Sentenza di Cassazione Penale Sez. 1 Num. 38194 Anno 2024
Penale Sent. Sez. 1 Num. 38194 Anno 2024
Presidente: COGNOME NOME
Relatore: COGNOME
Data Udienza: 11/06/2024
SENTENZA
sul ricorso proposto da: PROCURATORE DELLA REPUBBLICA PRESSO IL TRIBUNALE TRIBUNALE DI TRIESTE nel procedimento a carico di: NOME nato il DATA_NASCITA NOME nato il DATA_NASCITA
avverso l’ordinanza del 09/11/2023 del TRIB. LIBERTA’ di TRIESTE
udita la relazione svolta dal Consigliere NOME COGNOME;
letta la requisitoria, inviata in forma scritta ai sensi dell’art. 23, comma 8, d.l ottobre 2020, n. 137, e succ. mod., con la quale il PG NOME COGNOME ha concluso per l’inammissibilità del ricorso;
RITENUTO IN FATTO
Con l’ordinanza in epigrafe, il Tribunale di Trieste, Sezione per il riesame, in parziale riforma dell’ordinanza genetica emessa dal G.I.p. del Tribunale di Udine in data 21 ottobre 2023, sostituiva la misura cautelare della custodia in carcere applicata nei confronti di NOME COGNOME e NOME COGNOME con quella del divieto di dimora nella regione Friuli – Venezia Giulia, confermando la sussistenza dei gravi indizi di colpevolezza a loro carico in ordine al reato di cui agli artt. 110 cod. pen., 12, comma 3, lett. d), d. Igs. n. 286 del 1998, nonché la sussistenza del solo rischio di recidiva, con esclusione degli altri pericula ravvisati dal primo giudice.

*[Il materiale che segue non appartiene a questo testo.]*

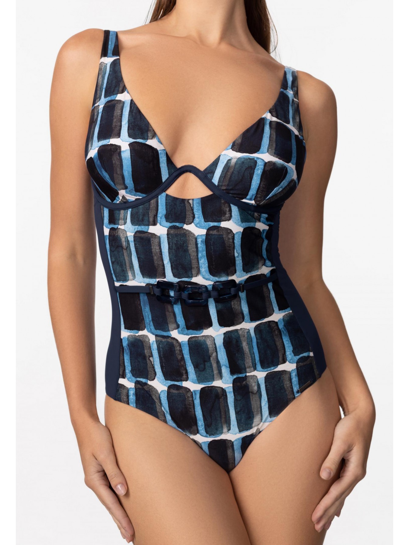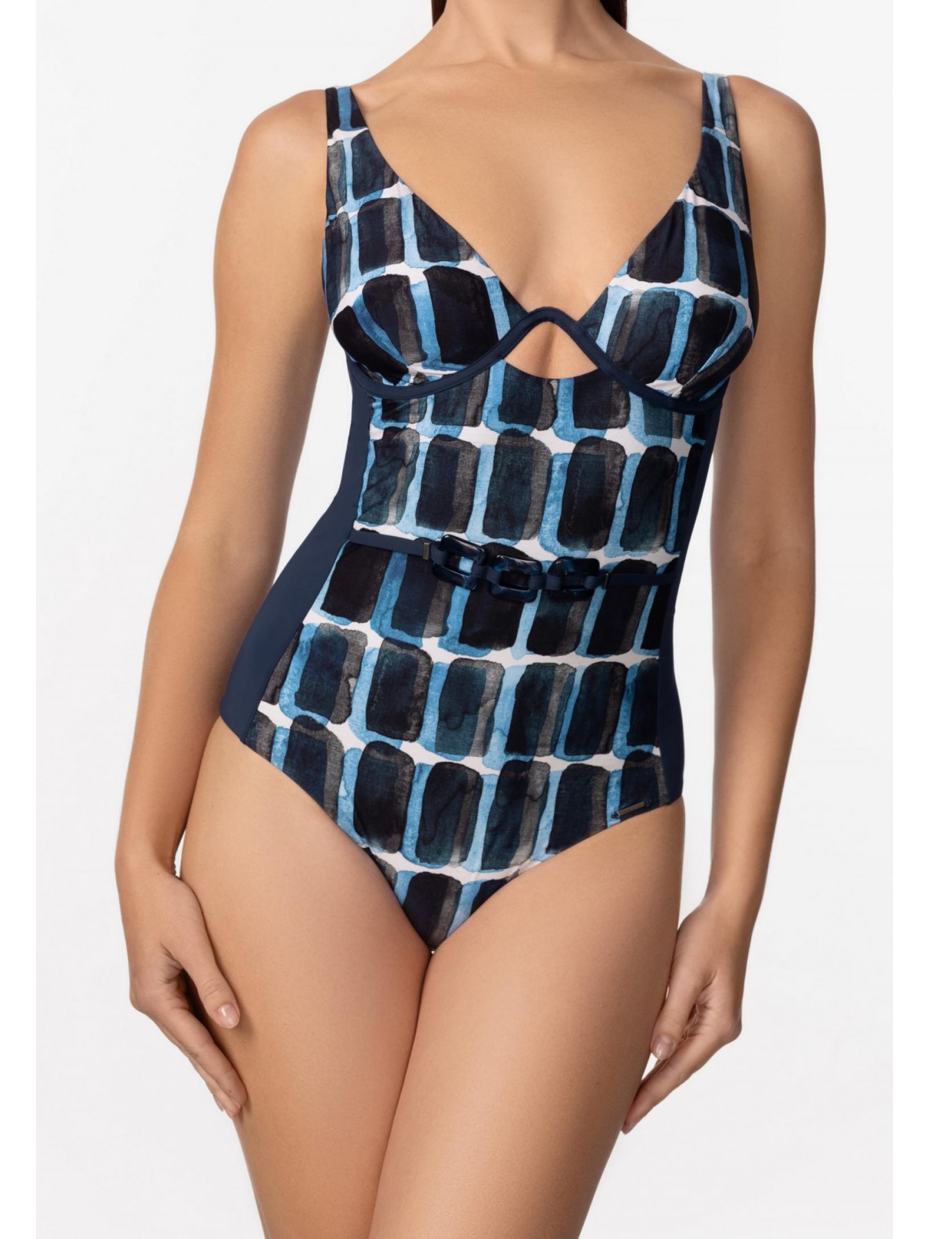 Мягкая чашка на монокаркасной поддержке, без корректоров. По линии талии декоративный пояс с аксессуаром. Завышенный вырез по линии бикини.
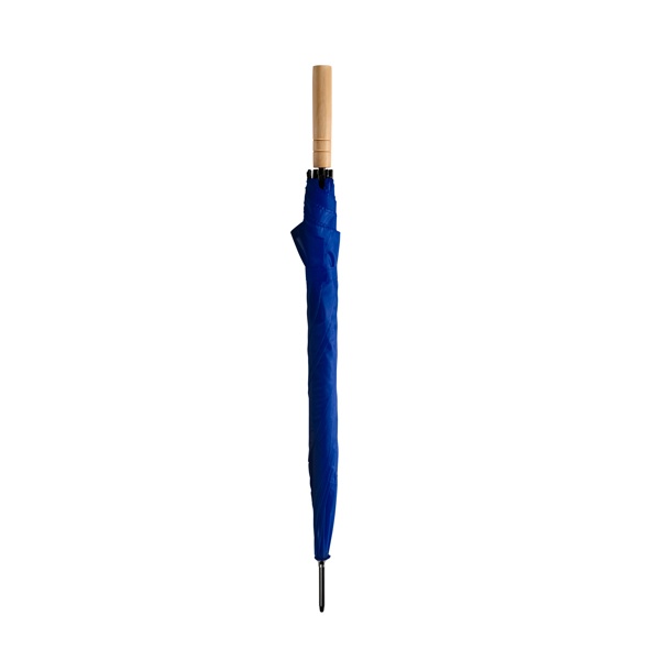 Parasol z drewnianą rączką i automatycznym otwieraniem. Czarne żebra i końcówki. Zapięcie na rzep. Wykonany z poliestru 190T.

Dopo aver escluso, nella specie, i presupposti della contestata a9gravante della utilizzazione di “documenti contraffatti o alterati o comunque illegalmente ottenuti” in conseguenza della declaratoria di parziale illegittimità costituzionale dell’art. 12 comma 3, lett. d), d.lgs. n. 286/98 (estesa alla utilizzazione di servizi internazionali d trasporto ma non al fatto commesso da tre o più persone) pronunciata dalla Corte costituzionale con sentenza 10 marzo 2022, n. 63, il Tribunale del riesame riteneva adeguata e proporzionata a fronteggiare le ravvisate esigenze cautelari la misura non custodiale del divieto di dimora nella regione Friuli – Venezia Giulia, in considerazione delle modalità operative assai poco “professionali” poste in essere dai due indagati: da un lato, per essersi fatti notare dalla Polizia di Frontiera per la condotta anomala di guida dell’auto sulla quale viaggiavano, non appena percepita la presenza delle Forze dell’ordine; dall’altro, per aver utilizzato, per il trasporto illegale di tre cittadini clandestini, l’autovettura di proprietà di uno di loro, NOME COGNOME, il che rivelava, quanto meno, “improvvisazione ed elevata esposizione al rischio di venire individuato come autore del reato”.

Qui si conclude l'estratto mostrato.